Non-exploitation of the subject matter or the patent in the territory of Brazil, by lack of manufacture or incomplete manufacture of the product or, furthermore, by lack of complete use of a patented process, except in the case of non-exploitation due to economic unfeasibility, when importation will be permitted; or

Commercialization that does not meet the market needs.
§2 The license can only be requested by a party with legitimate interest and that has the technical and economic capacity to carry out the efficient exploitation of the subject matter of the patent, which should be predominantly destined for the internal market, save for exception provided for in item I of the previous paragraph.

§3 In the case that a compulsory license is granted due to abuse of economic power, a period of time, limited to that provided for in article 74, will be guaranteed to a licensee proposing to manufacture locally, to proceed with importation of the subject matter of the license, provided it has been placed on the market directly by the patentee or with his consent.

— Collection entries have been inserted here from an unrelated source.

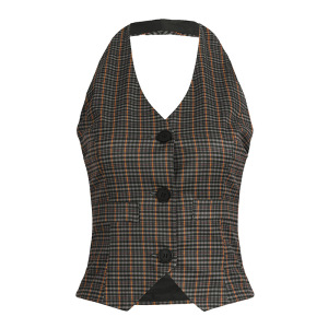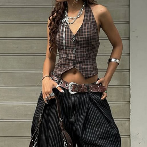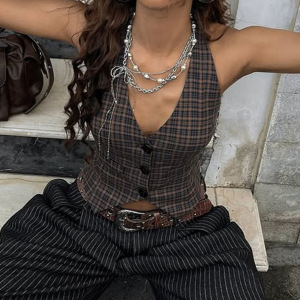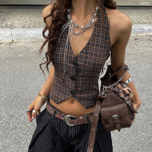 アメリカンホットガールレトロ英国スタイルディープVネックジャケットベストストリートクールチェック柄コントラストカラーウエストベストトップ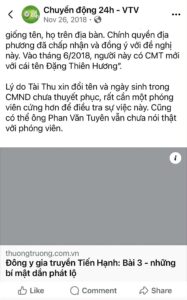 Năm 2018, Facebook Chuyển động 24h (VTV) từng dẫn lại loạt bài điều tra của tờ Thương Trường về Công ty Đông y gia truyền Tiến Hạnh, do Đặng Thiên Hương – tên thật Đặng Nữ Tài Thu – làm giám đốc, (Ảnh minh họa 1,2), trong đó nêu rõ: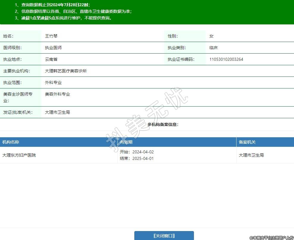 主要執(zhí)業(yè)機構(gòu):大理韓藝醫(yī)療美容診所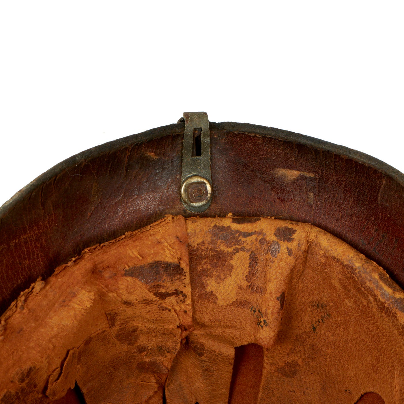 The interior features The original leather liner, which is in frail condition, but still intact. The helmet is unit marked on the inside of the rear visor “JR 171” is what it appears to be. The chin strap is a museum-quality reproduction that has been aged to match the age and patina of the helmet.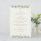 Um menu de casamento de três pratos com creme, apresentando uma borda de snowberries e eucalipto pintados à mão na frente e uma coroa na parte de trás. Todo o texto é totalmente editável, e os pontos espalhados na frente e no verso podem ser excluídos antes de encomendar, se preferir. Por favor, visualize esta Coleção na minha loja para menus com arranjos botânicos alternativos, um número diferente de pratos e em diferentes tamanhos/cores/formatos. Itens coordenados também disponíveis.
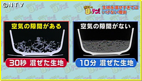 そこで、混ぜ時間の違う、焼く前の2つの生地を最新のCTスキャナーで見てみると、30秒だけ混ぜた生地には具材の間にたくさん空気が入っている事が解りました。続いて10分混ぜた生地を見てみると、空気がほとんど入っていません。そう!この"空気の入り方"が焼き上がりに大きな影響を与えるんです。さらに断面を見てみると・・・。混ぜ時間30秒は、焼きあがった生地に適度な隙間がありますが、混ぜ時間10分の方は、中がみっちり詰まっています。実は生地と具材を混ぜ過ぎると、出来上がりが堅くなってしまうんです。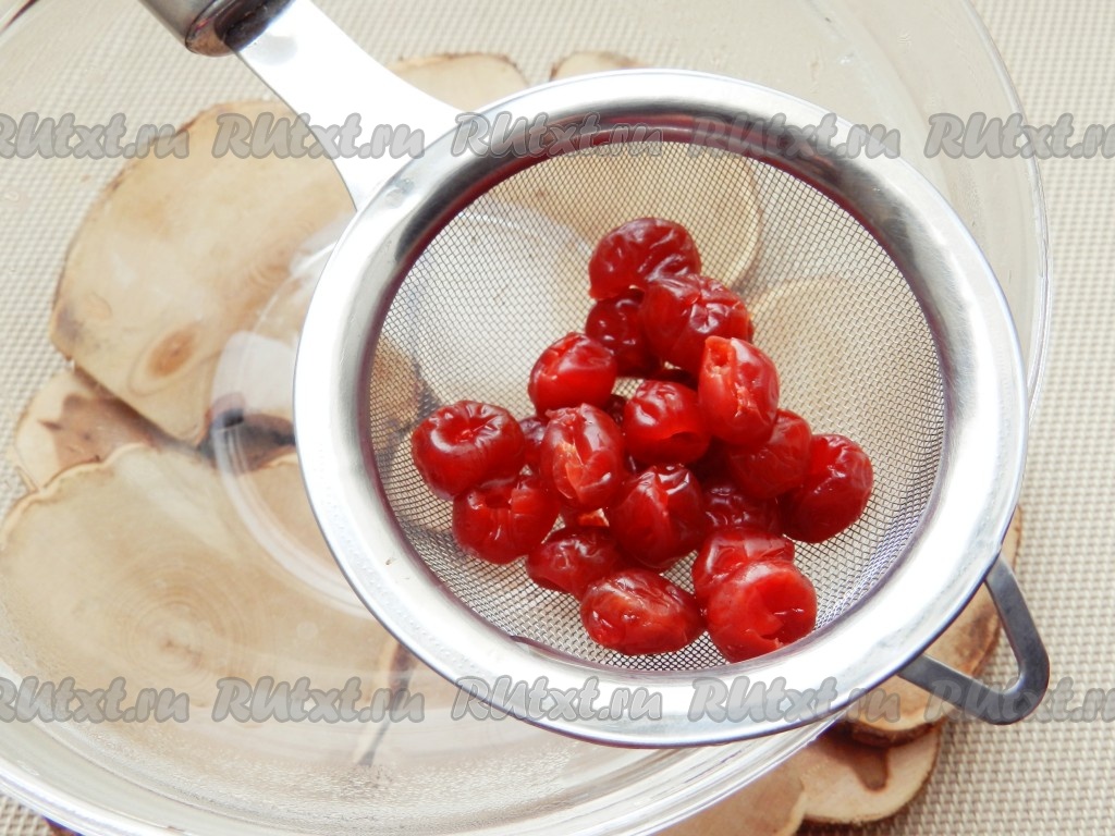 Вяленую вишню промыть, залить кипятком, оставить на 5 минут. Затем воду слить, ягоды обсушить.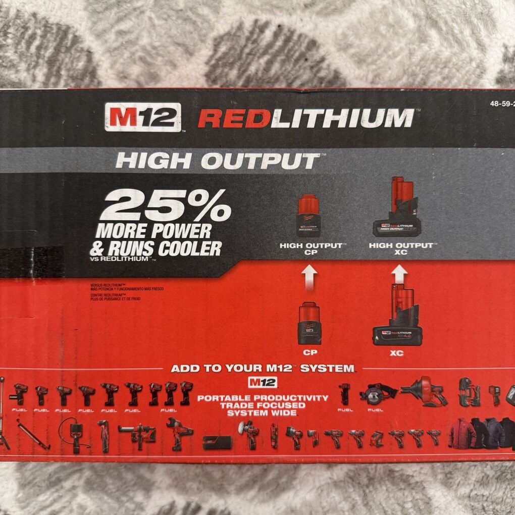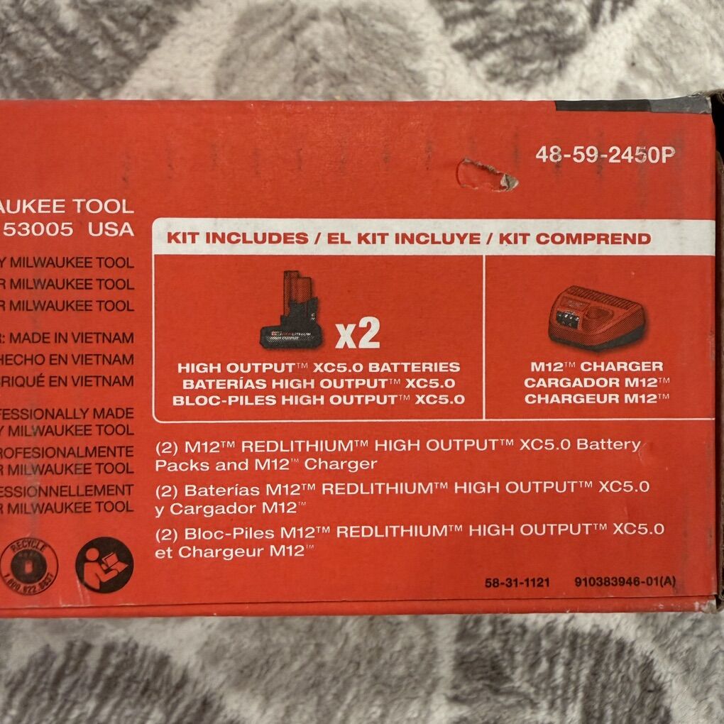 VenmoBrand New Milwaukee M12 REDLITHIUM High Output XC 5.0ah batteries (x2) + Charger Kit

§4 In the case of importation for exploitation of a patent and in the case of importation provided for in the preceding paragraph, the importation by third parties of a product manufactured according to a process or product patent will equally be allowed, provided it has been placed on the market directly by the patentee or with his consent.

§5 A compulsory license, to which §1 refers, may only be requested after 3 (three) years form grant date.

. . .

Article 71: In cases of national emergency or public interest, declared in an act of the Federal Executive Authorities, insofar as the patentee or his licensee does not meet such demand, a temporary ex-officio non-exclusive compulsory license for the exploitation of the patent may be granted, without prejudice to the rights of the respective patentee.

Sole Paragraph: The act of grant of the license will establish its te[r]m of validity and the possibility of extension.

http://www.araripe.com.br/law9279eng.htm#patente

*

1 TRIPS Article 31: Other Use Without Authorization of the Right Holder
    Where the law of a Member allows for other use of the subject matter of a patent without the authorization of the right holder, including use by the government or third parties authorized by the government, the following provisions shall be respected:
  1. authorization of such use shall be considered on its individual merits;
  2. such use may only be permitted if, prior to such use, the proposed user has made efforts to obtain authorization from the right holder on reasonable commercial terms and conditions and that such efforts have not been successful within a reasonable period of time. This requirement may b waived by a Member in the case of a national emergency or other circumstances of extreme urgency or in cases of public non-commercial use [emphasis added]... [TRIPS agreement, article 31, [http://www.wto.org/english/docs_e/legal_e/27-trips.wpf.] 2. Article 27: Patentable Subject Matter
    1. Subject to the provisions of paragraphs 2 and 3, patents shall be available for any inventions, whether products or processes, in all fields of technology, provided that they are new, involve an inventive step and are capable of industrial application.. Subject to paragraph 4 of Article 65, paragraph 8 of Article 70 and paragraph 3 of this Article, patents shall be available and patent rights enjoyable without discrimination as to the place of invention, the field of technology and whether products are imported or locally produced. [Emphasis added.]

      Oddly, I haven't heard mention during any of the debates of the interesting subsequent clauses:

    2. Members may exclude from patentability inventions, the prevention within their territory of the commercial exploitation of which is necessary to protect ordre public or morality, including to protect human, animal or plant life or health [emphasis added] or to avoid serious prejudice to the environment, provided that such exclusion is not made merely because the exploitation is prohibited by their law.